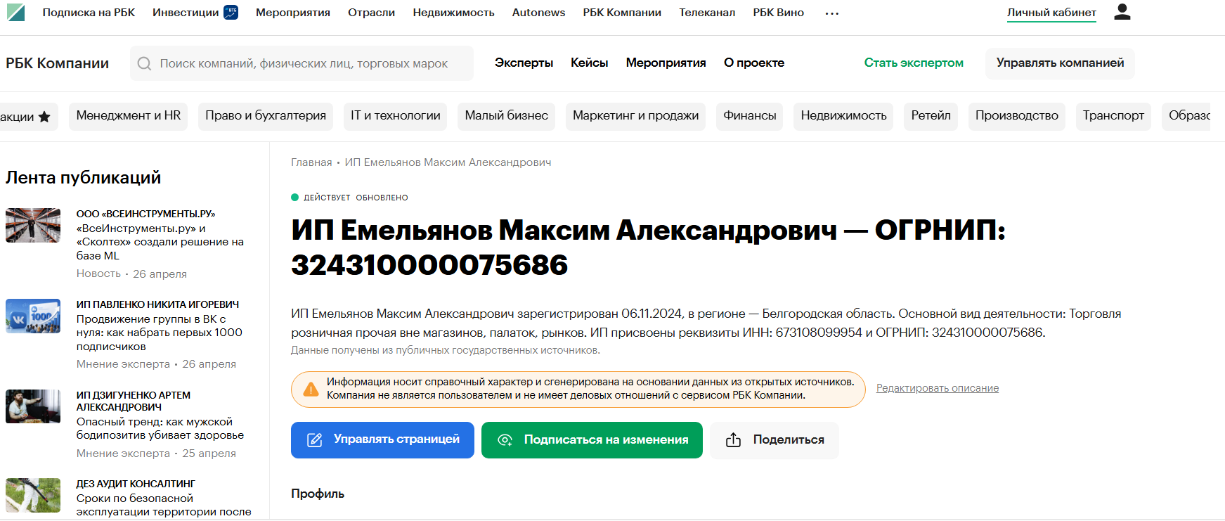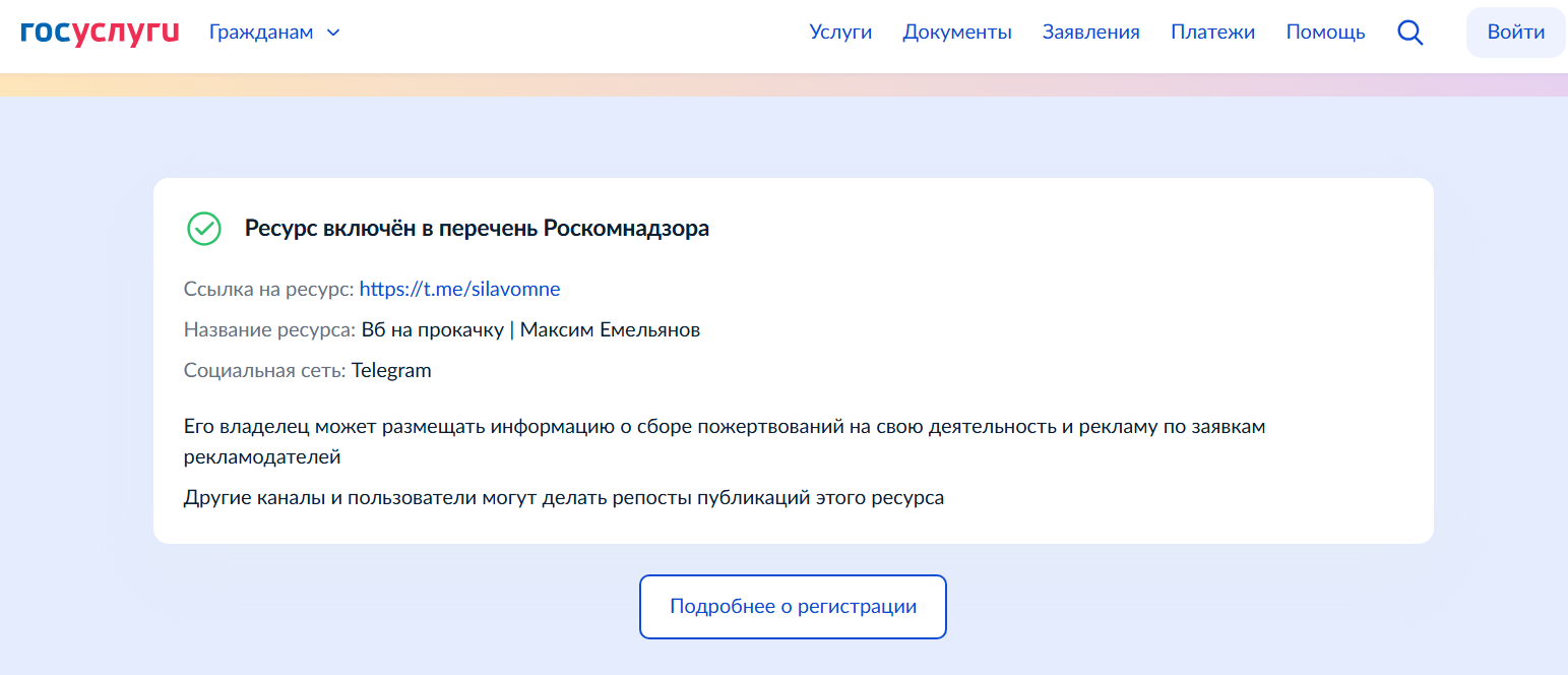 Емельянов часто демонстрирует ссылку на регистрацию своего проекта в РКН, но она не заменяет официальное оформление бизнеса в соответствии с законодательством РФ.
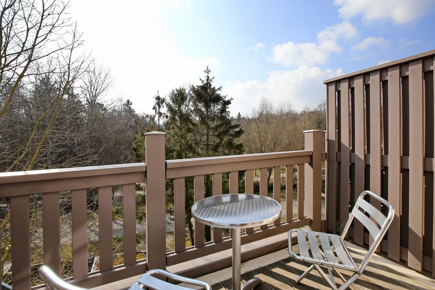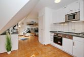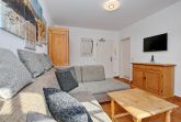 Die im Wohnbereich integrierte Küchenzeile ist mit einem Kühlschrank mit Gefrierfach, einem 2-Plattenkochfeld, einem Geschirrspüler sowie einer Mikrowelle ausgestattet. Natürlich stehen dir auch eine Kaffeemaschine, ein Toaster und ein Wasserkocher zur Verfügung. Der Essbereich bietet dir ausreichend Platz für gemeinsame Mahlzeiten.
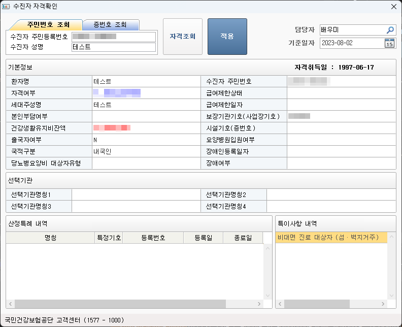 - 자격 조회 시 ① 섬·벽지 거주 여부, ② 65세 이상 장기요양 등급 판정 여부, ③ 장애인 여부 를 확인할 수 있습니다.
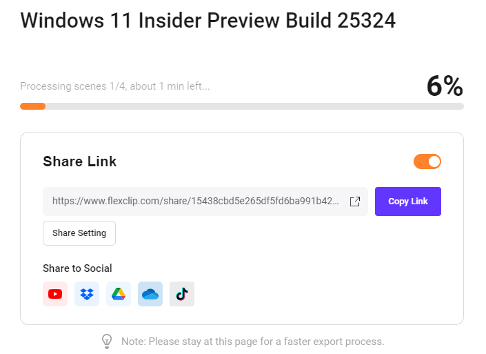 FlexClip provides the ability to render videos in 480p, 720p, and 1080p resolutions. The time required to generate the MP4 file depends upon the content included in the video. You can also generate GIF instead of videos. The app displays progress indicator during the production process. The final output will be downloaded immediately after the completion of the export.

What you will do: Extract, word for word, every line from the one holding "- 자격 조회 시 ①" through the closing line of the data above. Do not include any pictures.

Solution for this task:
 - 자격 조회 시 ① 섬·벽지 거주 여부, ② 65세 이상 장기요양 등급 판정 여부, ③ 장애인 여부 를 확인할 수 있습니다.
 FlexClip provides the ability to render videos in 480p, 720p, and 1080p resolutions. The time required to generate the MP4 file depends upon the content included in the video. You can also generate GIF instead of videos. The app displays progress indicator during the production process. The final output will be downloaded immediately after the completion of the export.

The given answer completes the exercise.